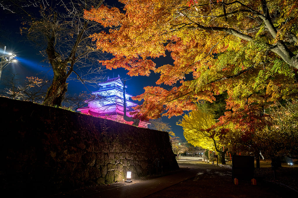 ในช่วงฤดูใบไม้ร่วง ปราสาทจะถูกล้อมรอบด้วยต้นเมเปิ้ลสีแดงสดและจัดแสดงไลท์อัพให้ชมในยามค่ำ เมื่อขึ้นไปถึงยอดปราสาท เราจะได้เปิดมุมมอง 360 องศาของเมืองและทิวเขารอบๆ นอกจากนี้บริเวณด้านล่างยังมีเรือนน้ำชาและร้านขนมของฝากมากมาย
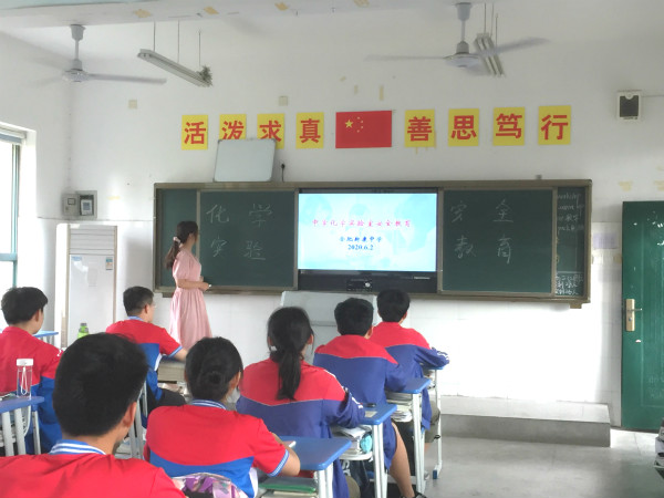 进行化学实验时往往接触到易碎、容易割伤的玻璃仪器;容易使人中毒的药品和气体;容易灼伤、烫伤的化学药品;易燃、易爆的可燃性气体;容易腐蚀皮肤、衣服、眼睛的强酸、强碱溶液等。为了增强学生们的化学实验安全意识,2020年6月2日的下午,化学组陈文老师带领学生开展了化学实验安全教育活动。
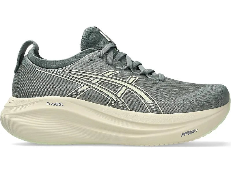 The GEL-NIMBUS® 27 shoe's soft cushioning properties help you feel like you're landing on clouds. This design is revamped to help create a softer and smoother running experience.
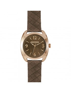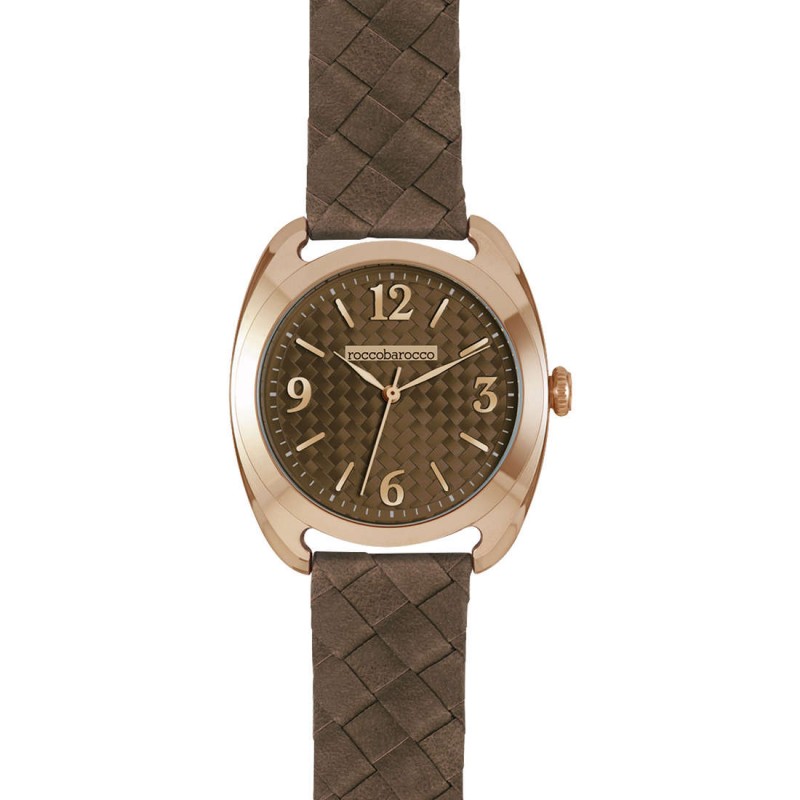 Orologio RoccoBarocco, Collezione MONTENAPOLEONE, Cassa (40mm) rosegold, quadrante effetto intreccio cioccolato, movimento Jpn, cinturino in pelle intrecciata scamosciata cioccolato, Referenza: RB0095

---

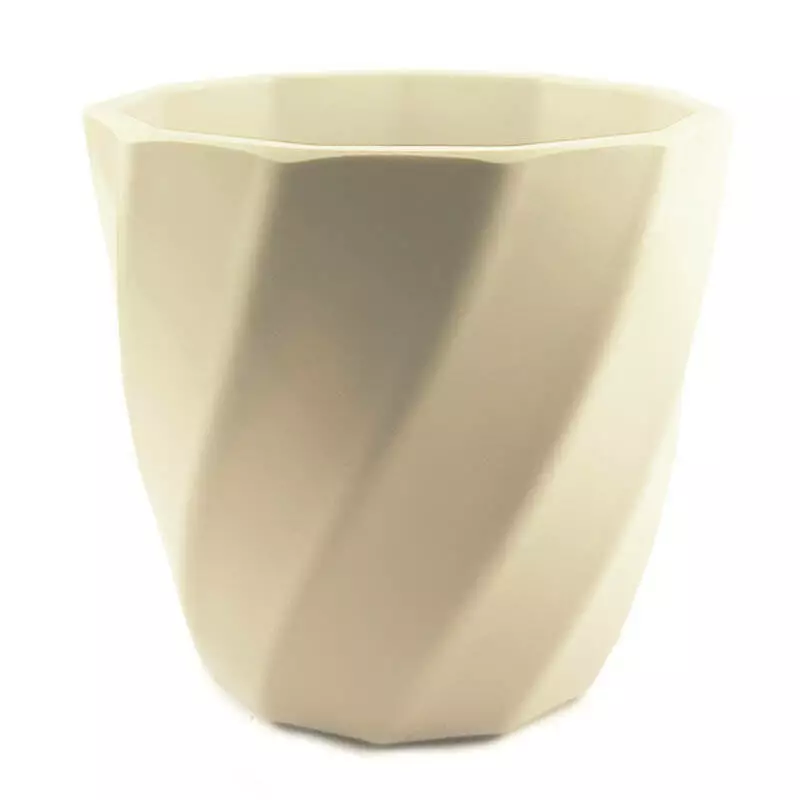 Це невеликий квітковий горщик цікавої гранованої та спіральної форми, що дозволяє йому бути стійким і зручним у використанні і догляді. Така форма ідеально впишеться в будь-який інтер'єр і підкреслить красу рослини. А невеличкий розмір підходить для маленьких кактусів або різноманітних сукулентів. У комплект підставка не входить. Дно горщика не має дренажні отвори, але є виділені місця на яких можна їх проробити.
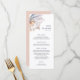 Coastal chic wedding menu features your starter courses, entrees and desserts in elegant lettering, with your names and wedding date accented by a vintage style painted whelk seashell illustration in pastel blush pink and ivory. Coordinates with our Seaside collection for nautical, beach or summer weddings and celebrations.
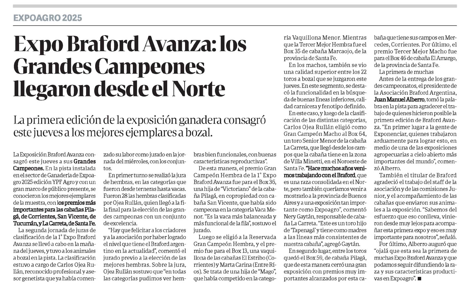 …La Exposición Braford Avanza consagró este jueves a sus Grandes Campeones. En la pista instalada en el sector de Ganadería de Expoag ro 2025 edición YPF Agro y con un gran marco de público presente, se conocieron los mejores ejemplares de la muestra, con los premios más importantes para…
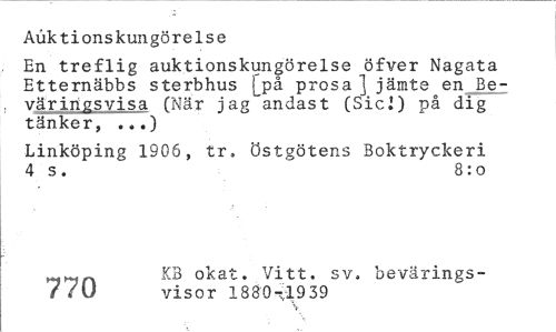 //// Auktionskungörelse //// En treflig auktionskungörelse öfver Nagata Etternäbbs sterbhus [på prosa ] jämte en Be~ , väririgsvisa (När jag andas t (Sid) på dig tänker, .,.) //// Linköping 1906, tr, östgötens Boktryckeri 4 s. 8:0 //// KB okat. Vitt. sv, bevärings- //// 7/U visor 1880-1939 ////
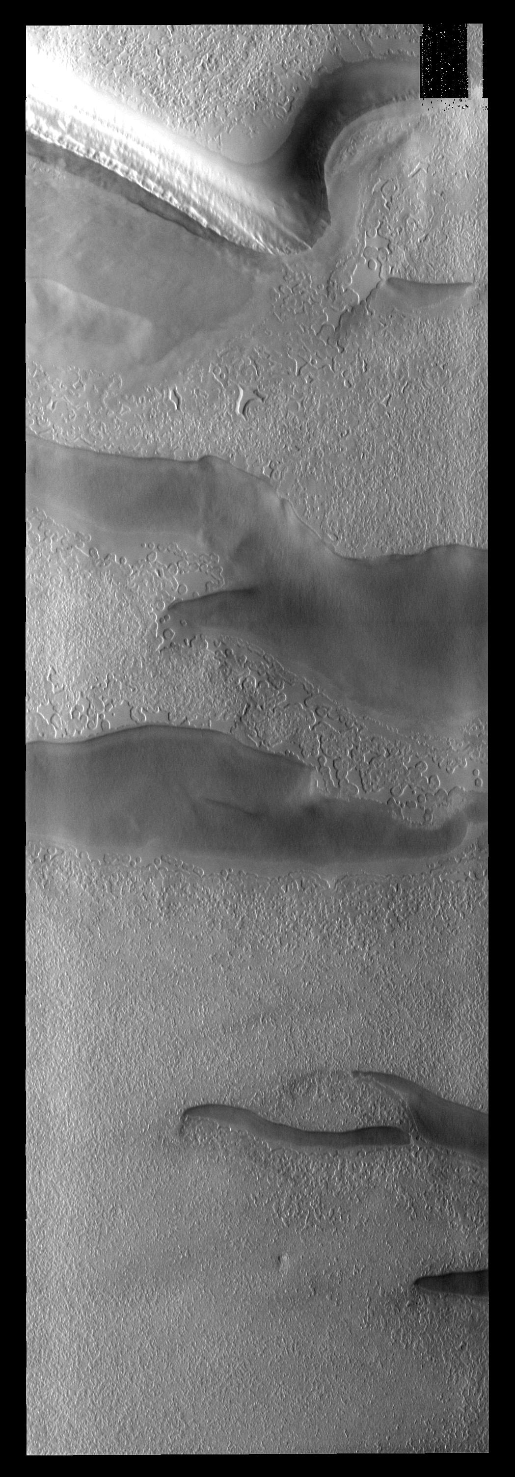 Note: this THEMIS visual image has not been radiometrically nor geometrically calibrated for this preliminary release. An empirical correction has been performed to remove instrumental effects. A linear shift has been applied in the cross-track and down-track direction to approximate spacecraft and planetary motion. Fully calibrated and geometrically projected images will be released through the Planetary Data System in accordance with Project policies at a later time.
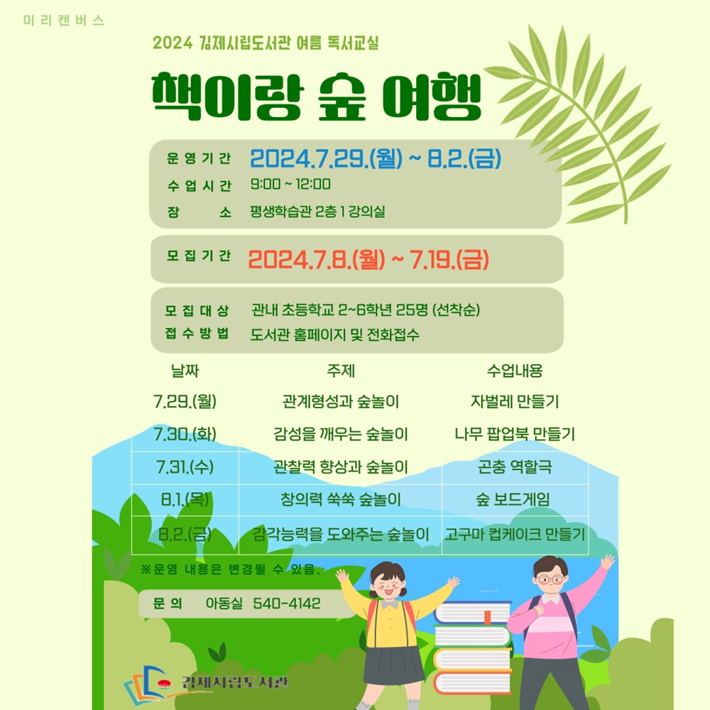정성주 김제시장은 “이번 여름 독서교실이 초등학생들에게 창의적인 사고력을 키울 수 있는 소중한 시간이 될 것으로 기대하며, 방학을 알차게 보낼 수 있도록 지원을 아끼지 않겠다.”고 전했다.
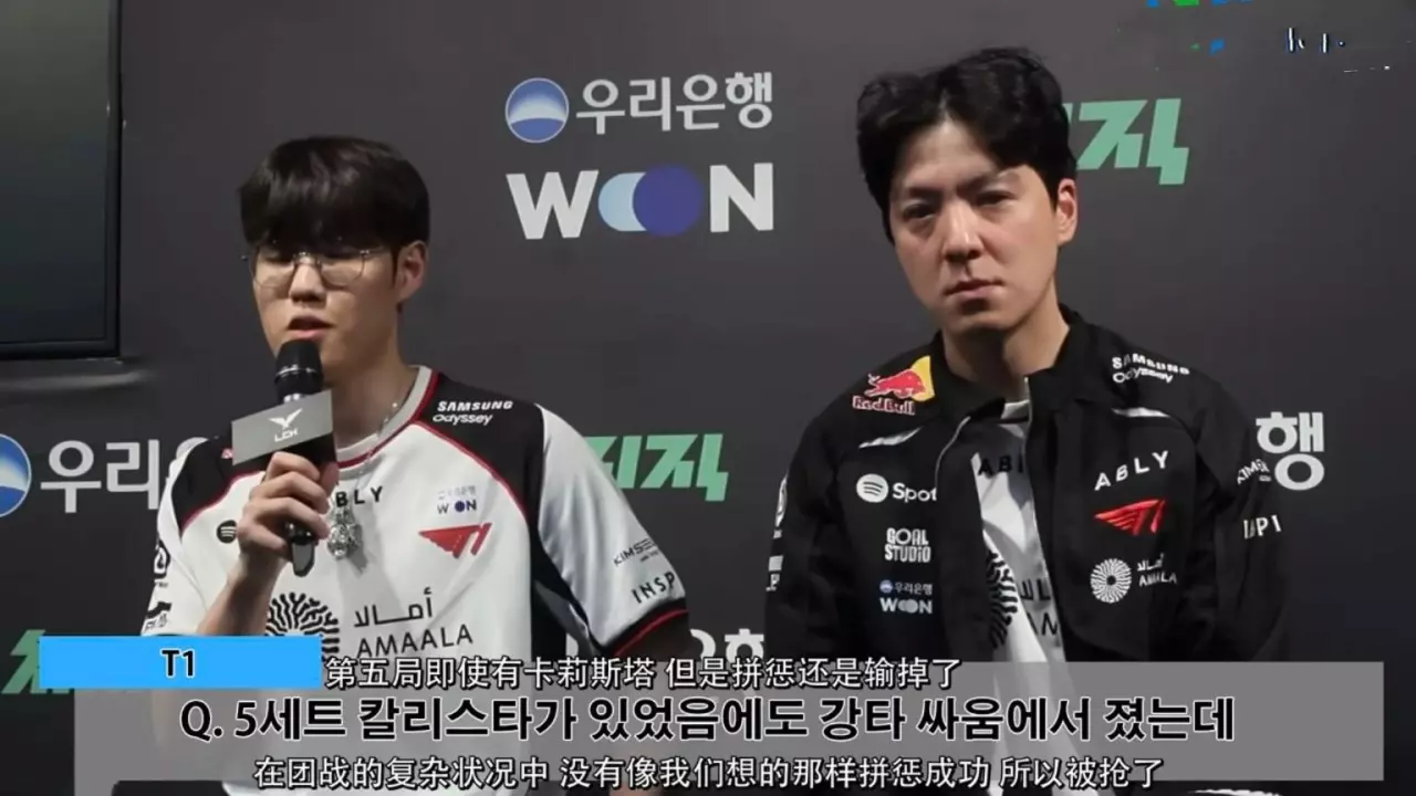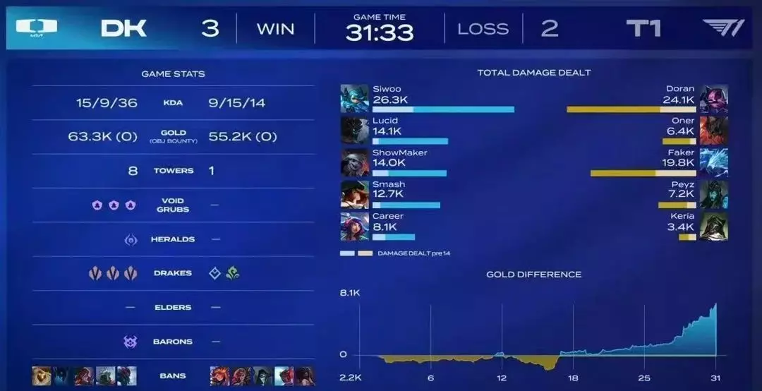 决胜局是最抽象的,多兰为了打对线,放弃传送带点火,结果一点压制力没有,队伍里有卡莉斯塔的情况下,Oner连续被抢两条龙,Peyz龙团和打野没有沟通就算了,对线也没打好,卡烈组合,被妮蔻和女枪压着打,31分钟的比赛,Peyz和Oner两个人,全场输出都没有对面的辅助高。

* * *

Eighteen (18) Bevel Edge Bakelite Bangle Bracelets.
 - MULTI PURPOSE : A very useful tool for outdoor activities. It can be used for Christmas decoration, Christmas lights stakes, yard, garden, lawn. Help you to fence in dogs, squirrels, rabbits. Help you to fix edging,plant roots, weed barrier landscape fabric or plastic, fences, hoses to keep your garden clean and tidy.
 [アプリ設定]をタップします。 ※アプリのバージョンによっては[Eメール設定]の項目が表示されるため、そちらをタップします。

▶ [EXERCISE DIRECTIONS]
With the pictures omitted, print the lines above exactly, beginning at the line with "进行化学实验时往往接触到易碎" and going on through the line with "The GEL-NIMBUS® 27".

▶ [TASK SOLUTION]
 进行化学实验时往往接触到易碎、容易割伤的玻璃仪器;容易使人中毒的药品和气体;容易灼伤、烫伤的化学药品;易燃、易爆的可燃性气体;容易腐蚀皮肤、衣服、眼睛的强酸、强碱溶液等。为了增强学生们的化学实验安全意识,2020年6月2日的下午,化学组陈文老师带领学生开展了化学实验安全教育活动。
 The GEL-NIMBUS® 27 shoe's soft cushioning properties help you feel like you're landing on clouds. This design is revamped to help create a softer and smoother running experience.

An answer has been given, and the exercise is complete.